▶ TASK PROMPT
Begin with the line below holding "童装~专柜价539【古】新中式国风碎花假两件网纱拼接大童洋装女" and go on through the line holding "تنظم جمعية الثقافة", duplicating each line exactly and leaving out pictures.

▶ DATA IN THIS EXERCISE
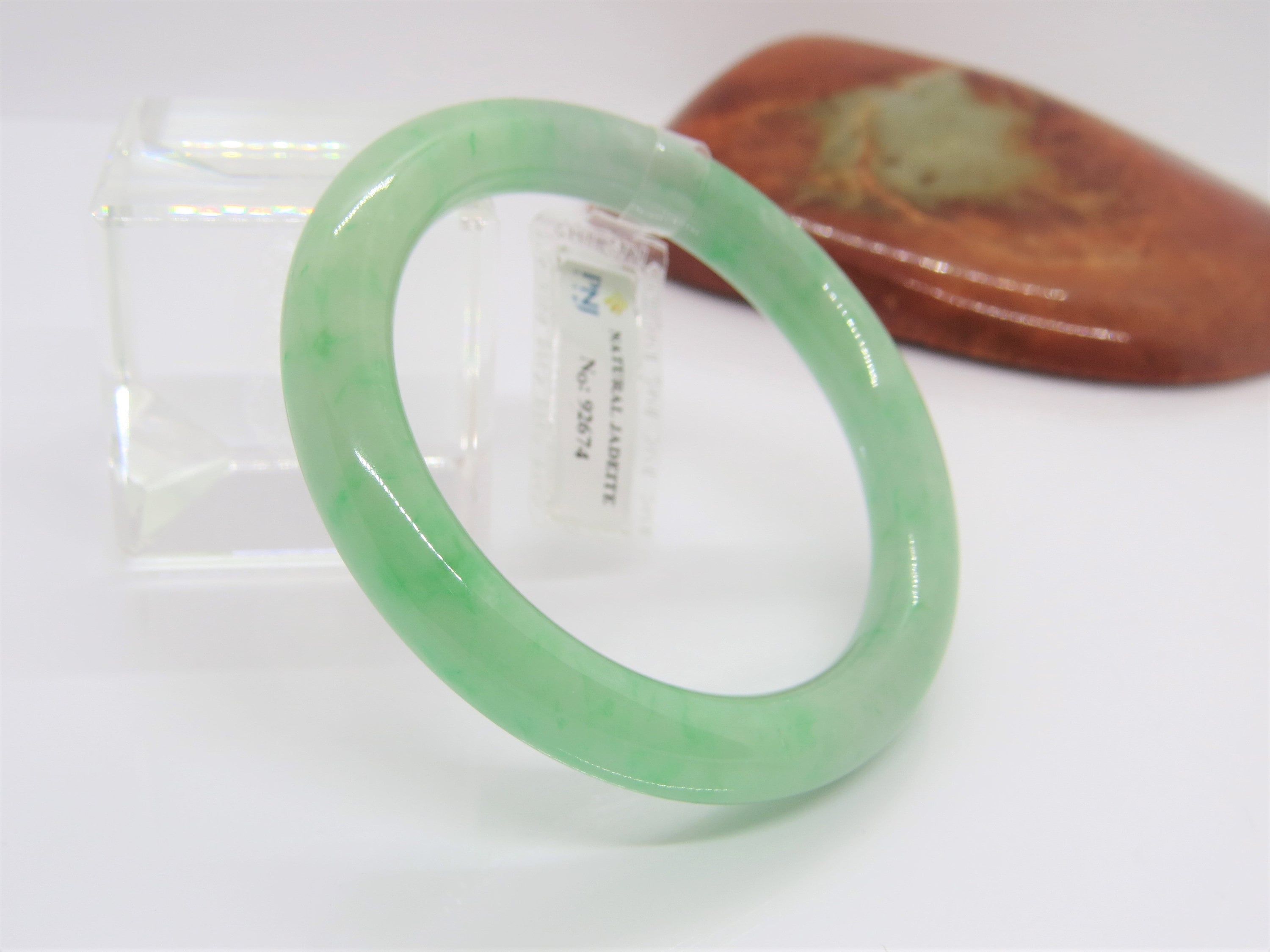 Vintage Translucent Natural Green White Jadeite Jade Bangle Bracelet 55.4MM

---

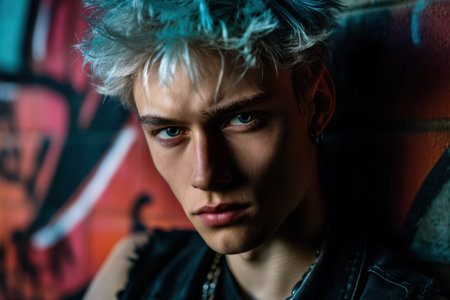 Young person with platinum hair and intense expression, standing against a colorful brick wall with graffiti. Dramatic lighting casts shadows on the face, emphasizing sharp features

--

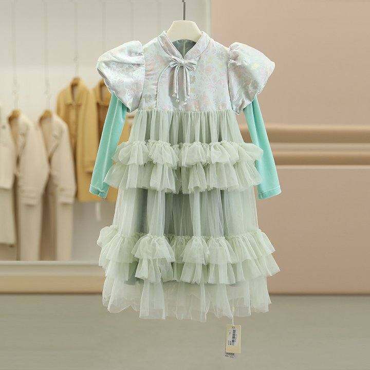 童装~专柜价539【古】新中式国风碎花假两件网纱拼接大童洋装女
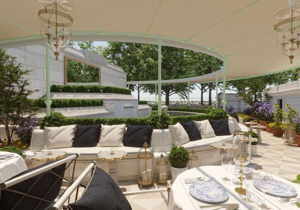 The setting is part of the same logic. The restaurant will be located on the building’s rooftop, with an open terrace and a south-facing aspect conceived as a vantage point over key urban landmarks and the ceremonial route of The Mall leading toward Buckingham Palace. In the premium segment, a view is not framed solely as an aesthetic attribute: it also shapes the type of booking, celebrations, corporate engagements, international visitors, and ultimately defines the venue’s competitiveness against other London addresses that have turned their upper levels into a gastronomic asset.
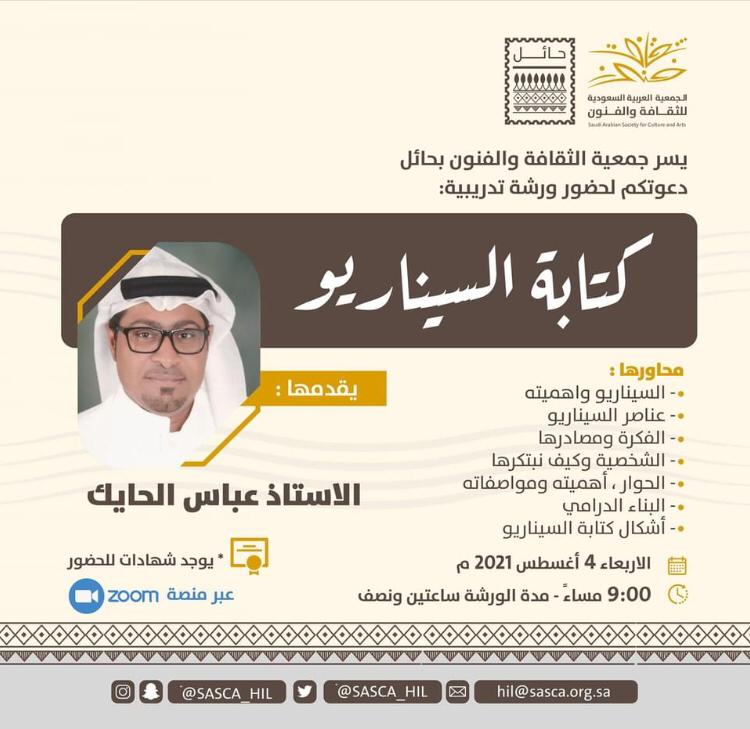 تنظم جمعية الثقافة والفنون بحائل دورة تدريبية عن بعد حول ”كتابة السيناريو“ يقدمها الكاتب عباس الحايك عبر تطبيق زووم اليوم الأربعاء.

▶ REPLY
 童装~专柜价539【古】新中式国风碎花假两件网纱拼接大童洋装女
 The setting is part of the same logic. The restaurant will be located on the building’s rooftop, with an open terrace and a south-facing aspect conceived as a vantage point over key urban landmarks and the ceremonial route of The Mall leading toward Buckingham Palace. In the premium segment, a view is not framed solely as an aesthetic attribute: it also shapes the type of booking, celebrations, corporate engagements, international visitors, and ultimately defines the venue’s competitiveness against other London addresses that have turned their upper levels into a gastronomic asset.
 تنظم جمعية الثقافة والفنون بحائل دورة تدريبية عن بعد حول ”كتابة السيناريو“ يقدمها الكاتب عباس الحايك عبر تطبيق زووم اليوم الأربعاء.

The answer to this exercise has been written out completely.